The Low Grade Line, which extends from Atglen on the western edge of Chester County across southern Lancaster County to Safe Harbor on the Susquehanna River, is especially significant for its fine stone arch bridges. The 805-acre corridor, 28 of its bridges, and other amenities have been determined eligible for the National Register of Historic Places.

Threat

Friends of the Atglen Susquehanna Trail (FAST) formed in 1990 and incorporated in 1993 to preserve the Enola Low Grade Line as a recreational resource for the region. At the time of FAST's inception, none of the municipalities or the county were interested in taking over the line, reportedly because of potential liability. FAST's efforts to acquire the line, generate local support, and raise funds, including state historic preservation and recreation grants, were meeting with success until recently, when a number of local municipalities through the line runs sought to acquire ownership. In the plan now under consideration by the Public Utility Commission (PUC) for dispersal of ownership among the various municipalities, eight bridges including five stone-arch spans would be demolished. Demolition of the bridges would not only destroy significant historic resources, but would also destroy the uninterrupted character of a significant linear engineering resource. FAST, in conjunction with the Historic Preservation Trust of Lancaster County, are calling for review of the impact of the plan on historic resources and character of the line before takeover by the municipalities is considered.
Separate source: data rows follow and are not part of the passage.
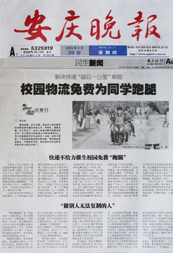 3月20日,《安庆晚报》以《解决快递“最后一公里”难题 校园物流免费为同学跑腿》为题,在A5版“民生新闻”整版报道了该新闻,全文近3000字,充分展示了beat365官网大学生的自主创业意识,反映了beat365官网积极鼓励学生自主创业的办学理念,产生了较大影响。(宣传部)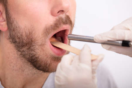 Close-up Of Doctor's Hand Examining Man's Throat With Tongue Depressor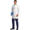 For engineering or lab work. The back has a slit at the bottom for comfort. Two lower pockets and one chest pocket.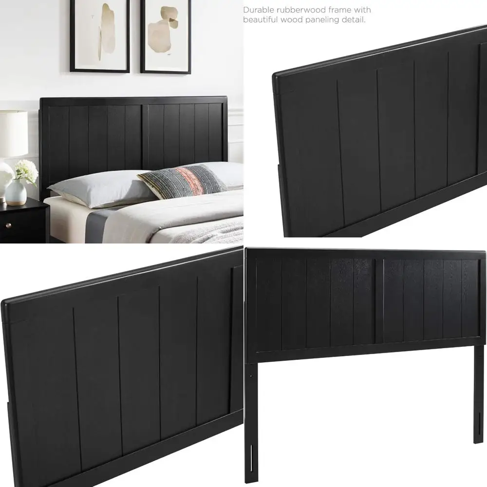 This mid-century headboard brings a retro modern style to your guest or teenager's bedroom with its wood paneling, organic aesthetics, and contemporary accents. It's designed to be compatible with the Billie and Margo bed frame collections, offering you the flexibility to create a custom look that suits your personal design style. Made from durable rubberwood and MDF veneer, this headboard provides a neutral backdrop for various bedding styles. It's a full-sized headboard that requires assembly and measures 56 inches wide, 0.5 inches deep, and 22.5 inches high, offering comfortable sleep and modern style to your bedroom.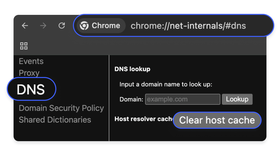 Browser haben ihren eigenen DNS-Cache, getrennt vom Betriebssystem. Wenn du den DNS-Cache auf deinem Gerät, aber nicht in deinem Browser leerst, könntest du beim Surfen immer noch veraltete DNS-Einträge verwenden. Hier erfährst du, was du tun musst, um den DNS-Cache in den Browsern Google Chrome, Firefox und Safari zu leeren.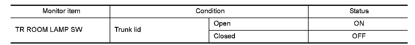 Check "TR ROOM LAMP SW" in "DATA MONITOR" mode of "RETRACTABLE HARD TOP" using CONSULT.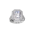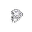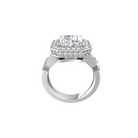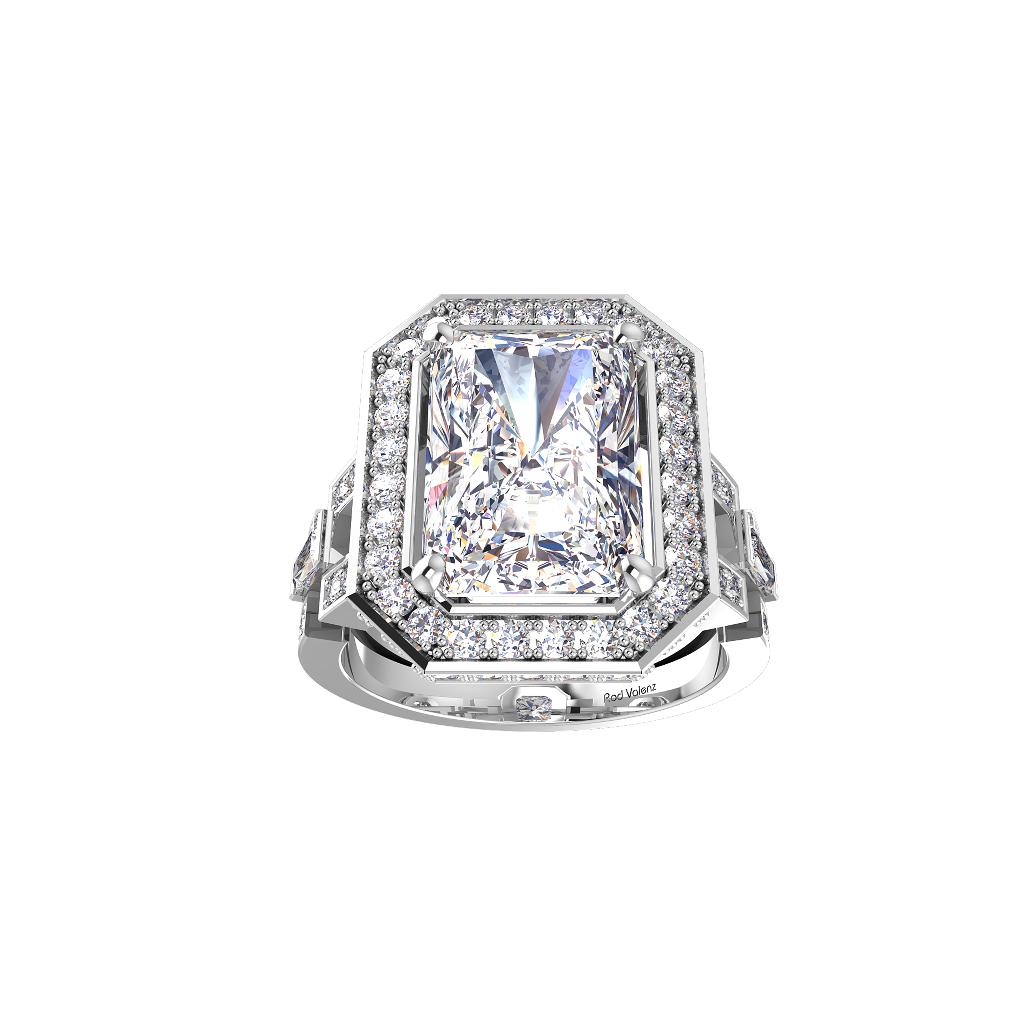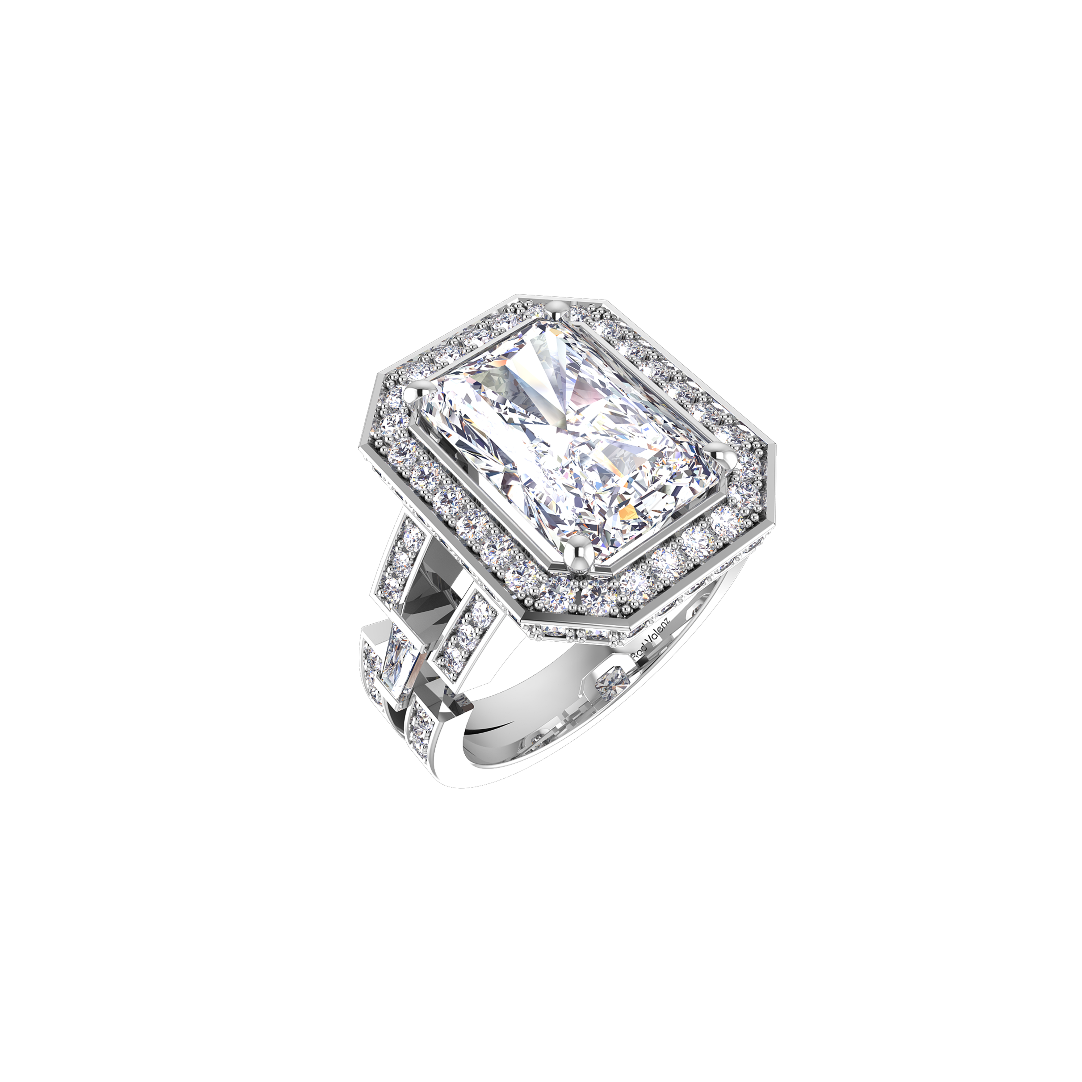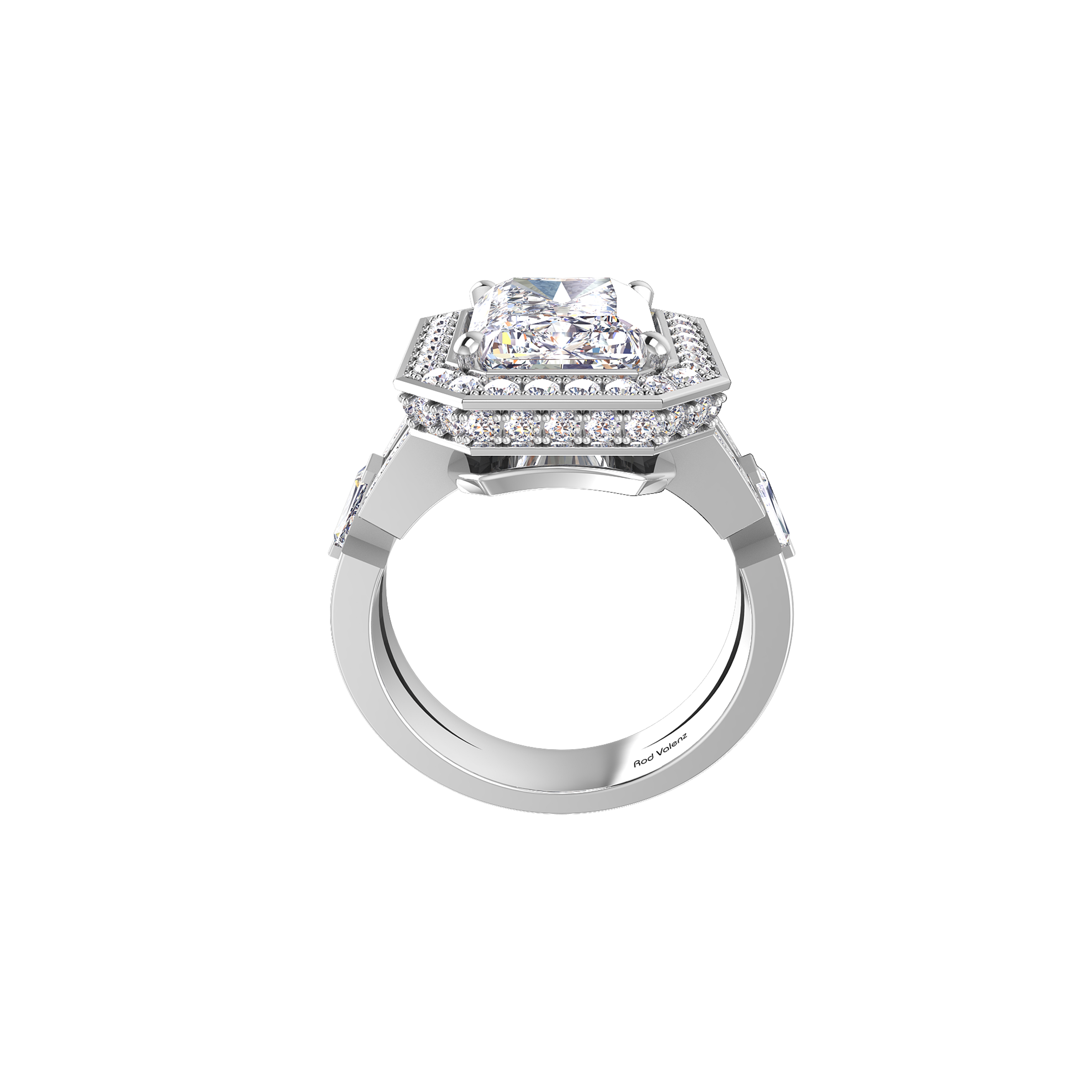 Inspired by antique design, this halo ring features a breathtaking octagonal shape radiant cut dialmond in the centre complemented by pavé set shoulders and halo with accent of 2 taper baguett diamonds.

Takeover by the individual municipalities, most of which have shown little or no interest in the trail concept, is seen by FAST and the Historic Preservation Trust as the end of the historic rail line unless an agreement can be reached that compels the communities to cooperate in developing the trail. Recently, Lancaster County Commissioners have voiced their support for the trail; their support is seen as critical to bringing municipalities together on the issue. At this writing, negotiations among the parties continue.